:: Your assignment ::
Copy the listing exactly; drop the pictures.

:: Source data ::

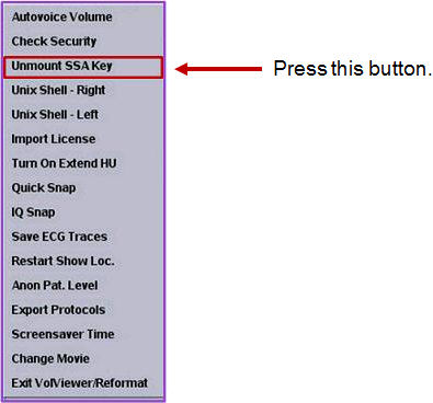 Figure 1. Unmount SSA key menu in Tool Chest
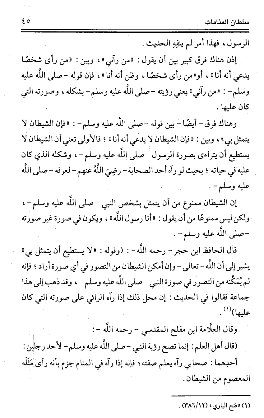 (قال أهل العلم: إنما تصح رؤية النبي -صلى اللَّه عليه وسلم- لأحد رجلين: أحدِهما: صحابي رآه يعلم صفته؛ فإنه إذا رآه في المنام جزم بأنه رأى مَثَلَه المعصوم من الشيطان.
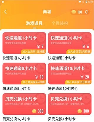 2. 进入商城之后,在其中选择【游戏道具】,便能购买具有不同时长的卡。

:: Reply to the exercise ::
 Figure 1. Unmount SSA key menu in Tool Chest
 (قال أهل العلم: إنما تصح رؤية النبي -صلى اللَّه عليه وسلم- لأحد رجلين: أحدِهما: صحابي رآه يعلم صفته؛ فإنه إذا رآه في المنام جزم بأنه رأى مَثَلَه المعصوم من الشيطان.
 2. 进入商城之后,在其中选择【游戏道具】,便能购买具有不同时长的卡。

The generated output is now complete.